START THE RECORDS
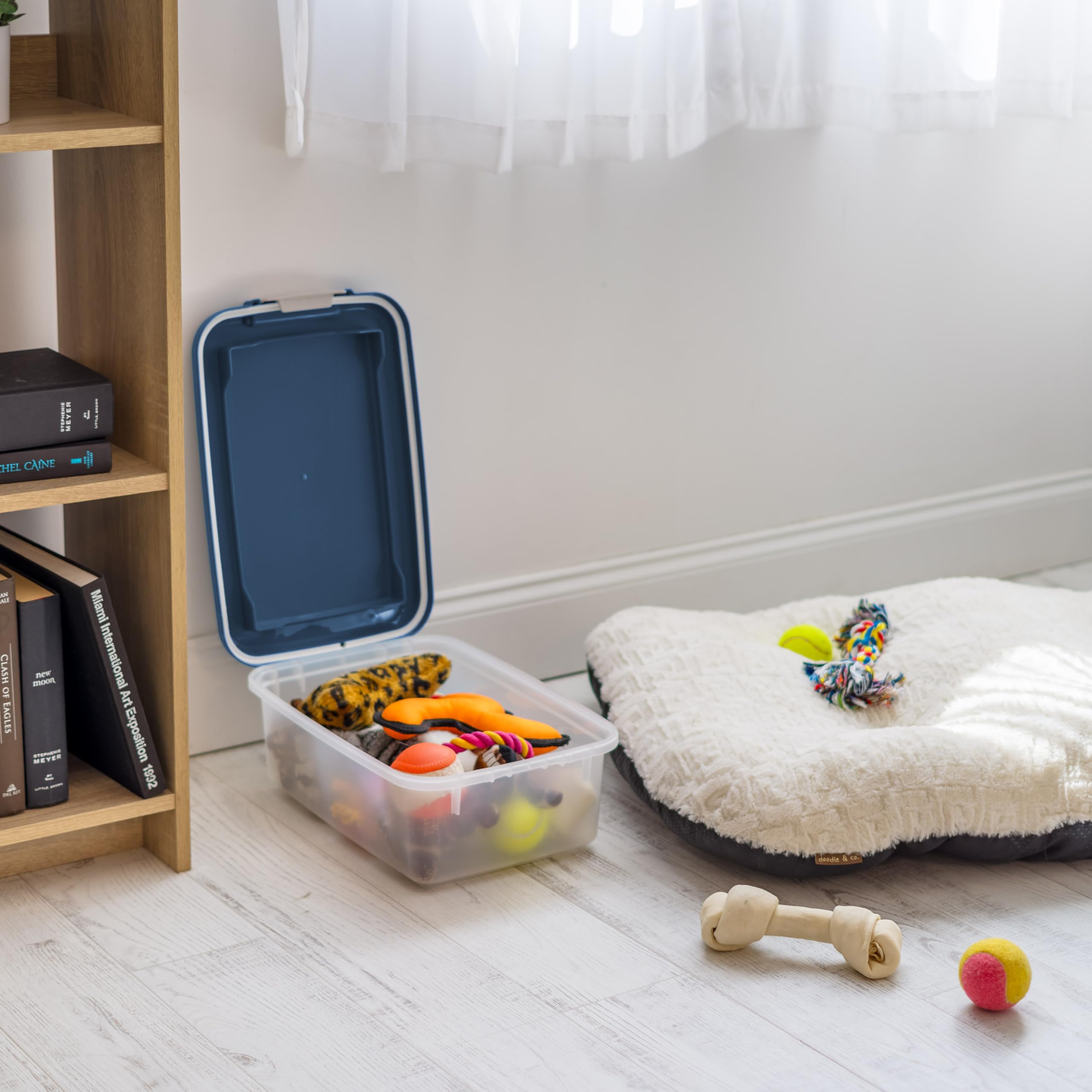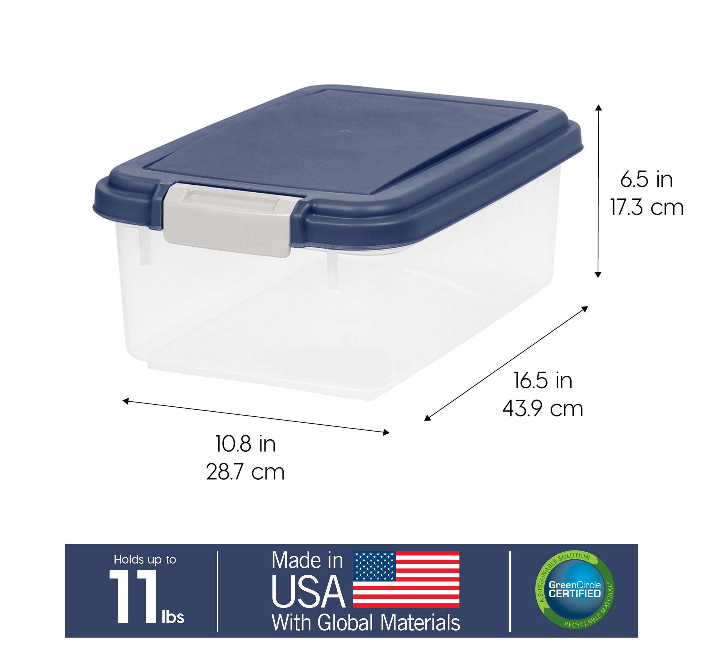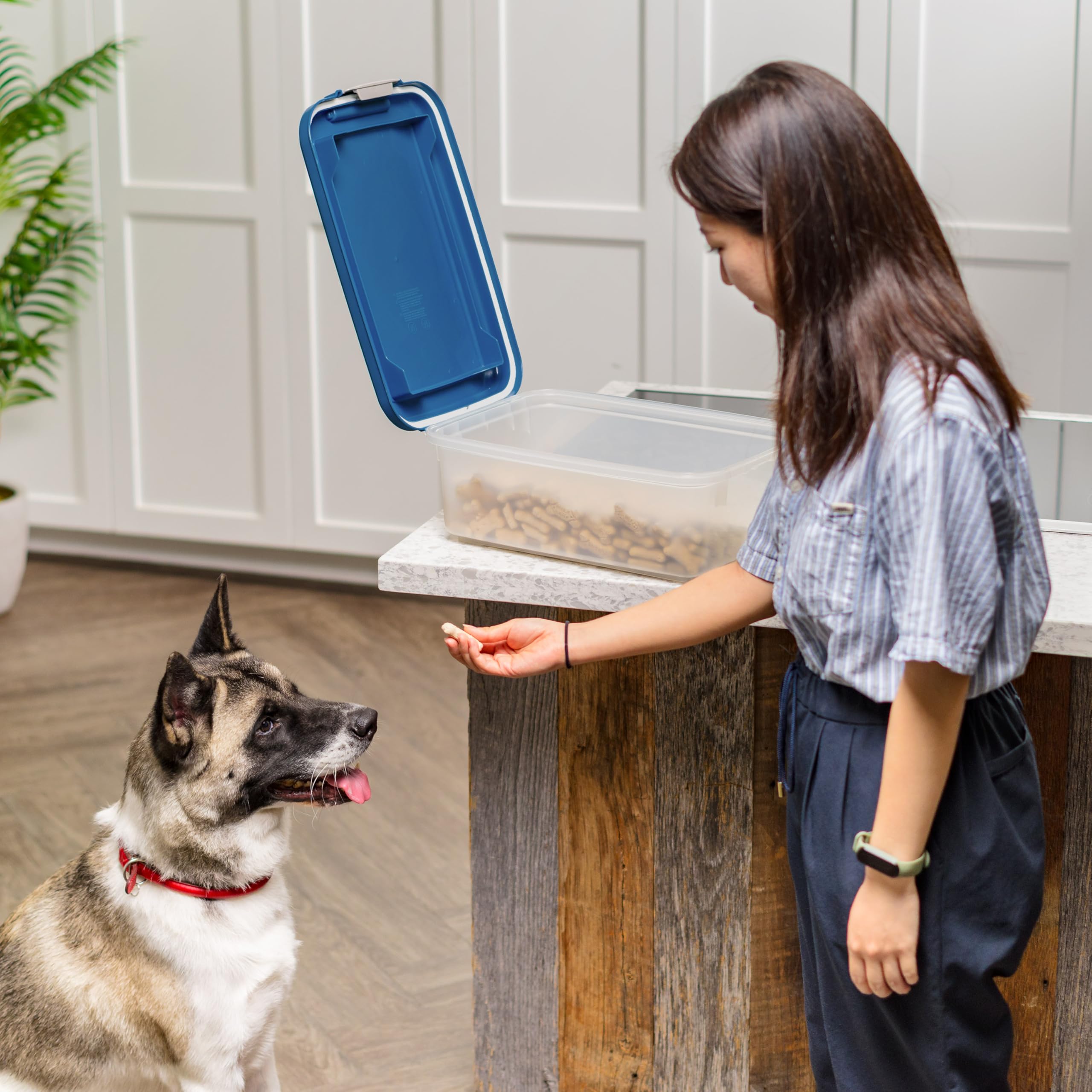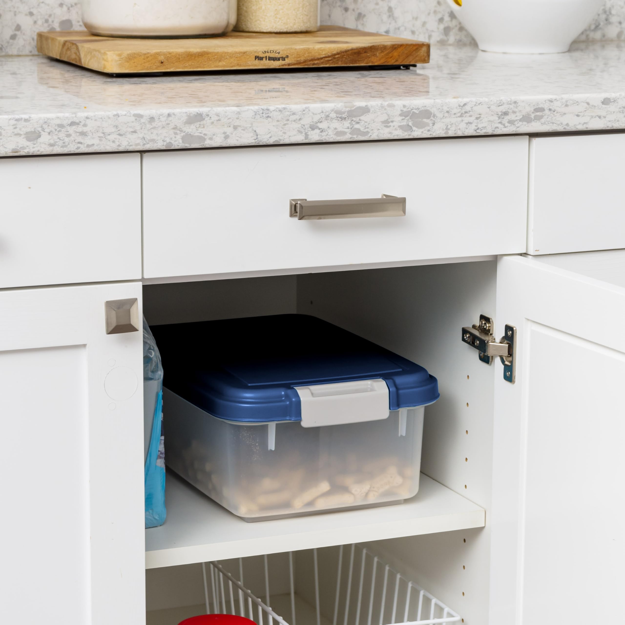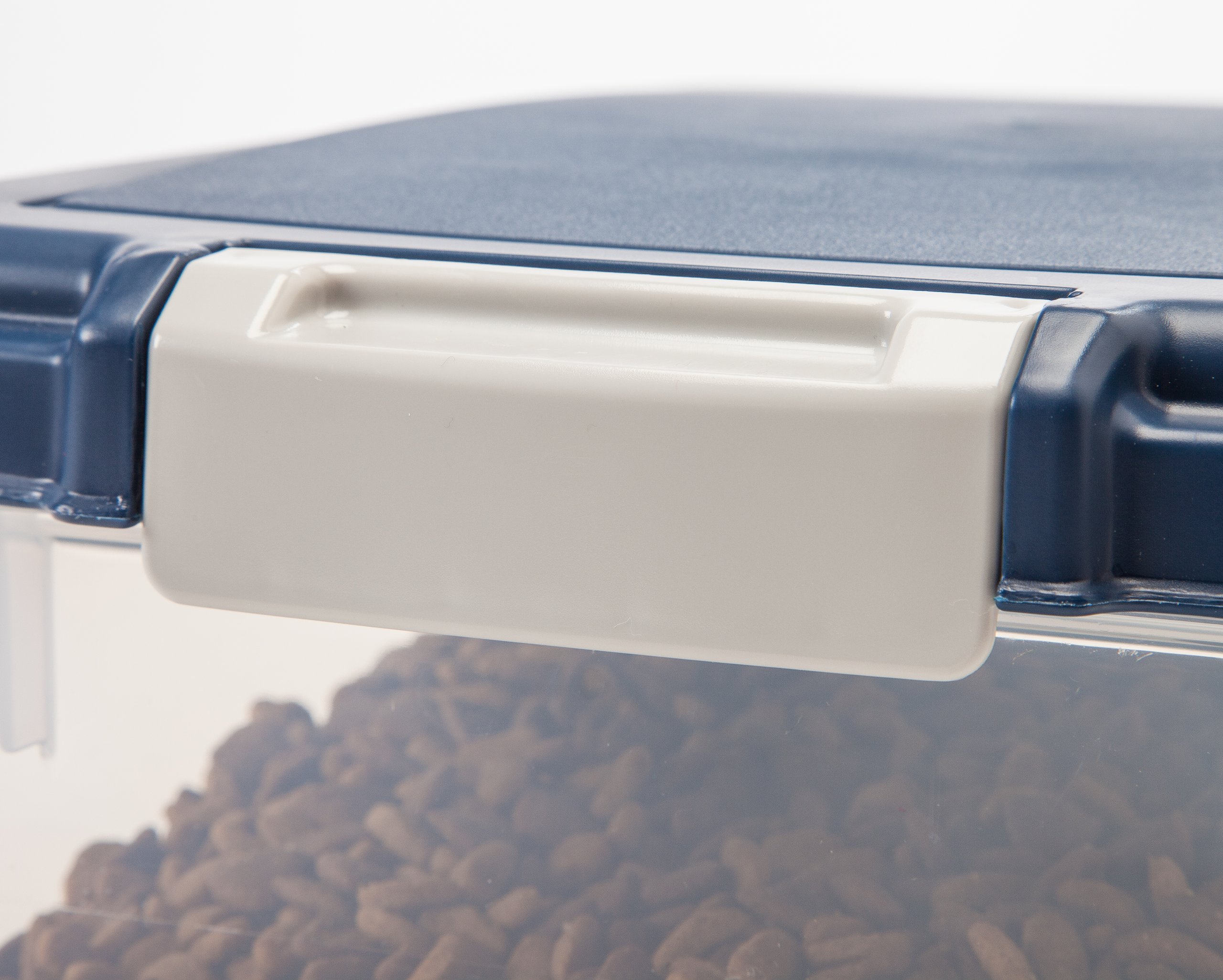 Meet the airtight container designed with your pet in mind. This plastic airtight container is perfect for storing up to 11lbs of dog food, cat food, or any other pet food you wish to store. The sealed storage container features a foam seal and snap lock latches to keep contents fresh. Designed as pet food bins, these BPA free airtight storage bins offer many other uses as well, such as leash and toy storage, pellet storage, grain storage, birdseed storage, cat litter storage, or even as a Charcoal container. This IRIS airtight pet food container is translucent, versatile, functional, and can be used in any area of the house. Made in the USA.
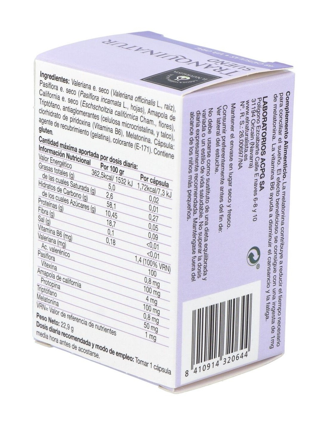 100 mg de E. seco valeriana 0,8% valerénico, 100 mg de E. seco pasiflora 4% vitexina, 100 mg de E. seco Amapola de California 0,8% alcaloides (protopina), 50 mg de Triptófano, 1 mg de Melatonina, 1,4 mg de Vitamina B6 y csp de Excipientes (talco, celulosa microcristalina y gelatina (cápsula)).
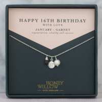 Personalised 16th Birthday Birthstone Necklace 16 inches + 2 inch extender
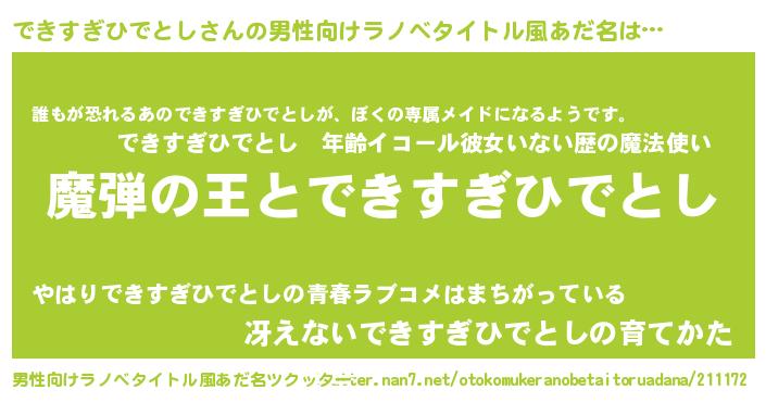 | 意味不明あだ名 | 『住所不定無職できすぎひでとし(50歳)』 |
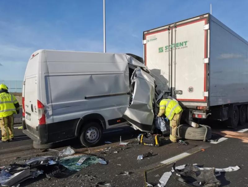 Video Şofer român aruncat prin parbriz, după ce s-a înfipt cu duba într-un TIR, pe o autostradă din Belgia
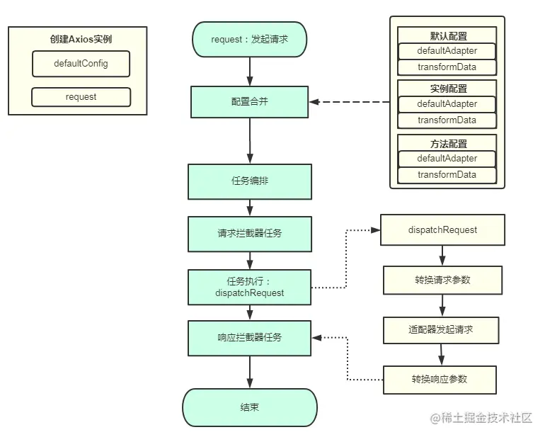 ,派发请求流程也就不往下走了。不管拦截器、或者取消请求,其实都是在触发适配器前处理,业务层不会响应底层请求适配器。这也是axios库很值得借鉴的地方,严格分层。
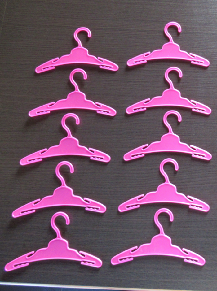 10 cintres / porte manteau roses pour vêtement de poupée neufs
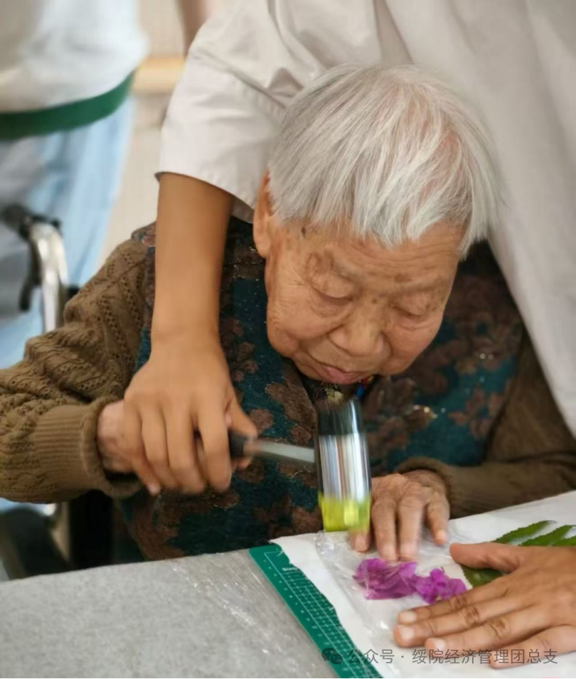 杨鑫垚同学走进老年公寓,为老人们细致讲解标本制作过程并手把手教老人们制作标本。这段难忘的经历让她有机会与老人们面对面交流,为他们的生活带去欢乐与陪伴,更使她深刻领悟到关爱老人、服务社会的重要性。未来她也会继续积极参与志愿服务活动,用陪伴编织关爱网络,让敬老爱老的传统在日常点滴中扎根生长,让老人们在关爱中感受温暖。
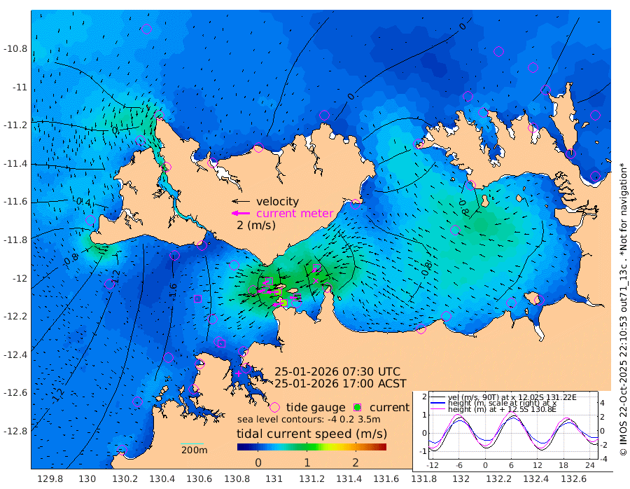 129cm/s -101T +4cm/s rms + 6cm/s 51T. Darwin_C1 52m 84cm/s -90T +4cm/s rms + 7cm/s -161T. Darwin_CW1 22m 80cm/s -107T +4cm/s rms + 8cm/s 61T. Darwin_CW2 34m 64cm/s -133T +3cm/s rms + 9cm/s 98T. Darwin_CW3 22m 127cm/s -91T +5cm/s rms + 7cm/s 88T. Darwin_C3 56m 71cm/s -115T +2cm/s rms + 9cm/s -126T. Darwin_CTbW 22m 9cm/s -126T +1cm/s rms + 1cm/s -47T. DARBGF 30m 9cm/s -144T +4cm/s rms + 3cm/s 80T. NRSDAR 19m 39cm Goodrich Bank -111cm Point Jenny -111cm Native Point -116cm Fish Reef -134cm Tapa Bay -25cm Point Fawcett (Offshore) -150cm Burge Point -133cm Munkunuwa -75cm Beagle A -161cm Parsons Bank -132cm Fenton Patches -156cm Hancox Shoal Area -156cm Nightcliff -171cm Darwin -141cm Charles Point Patches -125cm Glyde Point -110cm Chambers Bay -107cm Point Stuart -108cm Cape Hotham -101cm Christine Reef -116cm West Alligator Head -103cm East Field Island -92cm Two Hills Bay -87cm Camp Point -132cm Medina Inlet South -21cm South Barlow Point 10cm St. Asaph Bay 35cm Cape Van Dieman 28cm Snake Bay 34cm Cache Point 12cm Point Jahleel (Off) -42cm Cape Don -3cm Port Essington -2cm Smith Point - West -2cm NW Peacock Island 19cm North Of Jones Shoal 4cm Peacock Island -34cm Point David -9cm D'urville Point -37cm Copeland Island -28cm One Tree Point
END THE RECORDS
# WHAT THE TASK REQUIRES
Repeat the data in full and exactly. Omit pictures.

# REPLY
 Meet the airtight container designed with your pet in mind. This plastic airtight container is perfect for storing up to 11lbs of dog food, cat food, or any other pet food you wish to store. The sealed storage container features a foam seal and snap lock latches to keep contents fresh. Designed as pet food bins, these BPA free airtight storage bins offer many other uses as well, such as leash and toy storage, pellet storage, grain storage, birdseed storage, cat litter storage, or even as a Charcoal container. This IRIS airtight pet food container is translucent, versatile, functional, and can be used in any area of the house. Made in the USA.
 100 mg de E. seco valeriana 0,8% valerénico, 100 mg de E. seco pasiflora 4% vitexina, 100 mg de E. seco Amapola de California 0,8% alcaloides (protopina), 50 mg de Triptófano, 1 mg de Melatonina, 1,4 mg de Vitamina B6 y csp de Excipientes (talco, celulosa microcristalina y gelatina (cápsula)).
 Personalised 16th Birthday Birthstone Necklace 16 inches + 2 inch extender
 | 意味不明あだ名 | 『住所不定無職できすぎひでとし(50歳)』 |
 Video Şofer român aruncat prin parbriz, după ce s-a înfipt cu duba într-un TIR, pe o autostradă din Belgia
 ,派发请求流程也就不往下走了。不管拦截器、或者取消请求,其实都是在触发适配器前处理,业务层不会响应底层请求适配器。这也是axios库很值得借鉴的地方,严格分层。
 10 cintres / porte manteau roses pour vêtement de poupée neufs
 杨鑫垚同学走进老年公寓,为老人们细致讲解标本制作过程并手把手教老人们制作标本。这段难忘的经历让她有机会与老人们面对面交流,为他们的生活带去欢乐与陪伴,更使她深刻领悟到关爱老人、服务社会的重要性。未来她也会继续积极参与志愿服务活动,用陪伴编织关爱网络,让敬老爱老的传统在日常点滴中扎根生长,让老人们在关爱中感受温暖。
 129cm/s -101T +4cm/s rms + 6cm/s 51T. Darwin_C1 52m 84cm/s -90T +4cm/s rms + 7cm/s -161T. Darwin_CW1 22m 80cm/s -107T +4cm/s rms + 8cm/s 61T. Darwin_CW2 34m 64cm/s -133T +3cm/s rms + 9cm/s 98T. Darwin_CW3 22m 127cm/s -91T +5cm/s rms + 7cm/s 88T. Darwin_C3 56m 71cm/s -115T +2cm/s rms + 9cm/s -126T. Darwin_CTbW 22m 9cm/s -126T +1cm/s rms + 1cm/s -47T. DARBGF 30m 9cm/s -144T +4cm/s rms + 3cm/s 80T. NRSDAR 19m 39cm Goodrich Bank -111cm Point Jenny -111cm Native Point -116cm Fish Reef -134cm Tapa Bay -25cm Point Fawcett (Offshore) -150cm Burge Point -133cm Munkunuwa -75cm Beagle A -161cm Parsons Bank -132cm Fenton Patches -156cm Hancox Shoal Area -156cm Nightcliff -171cm Darwin -141cm Charles Point Patches -125cm Glyde Point -110cm Chambers Bay -107cm Point Stuart -108cm Cape Hotham -101cm Christine Reef -116cm West Alligator Head -103cm East Field Island -92cm Two Hills Bay -87cm Camp Point -132cm Medina Inlet South -21cm South Barlow Point 10cm St. Asaph Bay 35cm Cape Van Dieman 28cm Snake Bay 34cm Cache Point 12cm Point Jahleel (Off) -42cm Cape Don -3cm Port Essington -2cm Smith Point - West -2cm NW Peacock Island 19cm North Of Jones Shoal 4cm Peacock Island -34cm Point David -9cm D'urville Point -37cm Copeland Island -28cm One Tree Point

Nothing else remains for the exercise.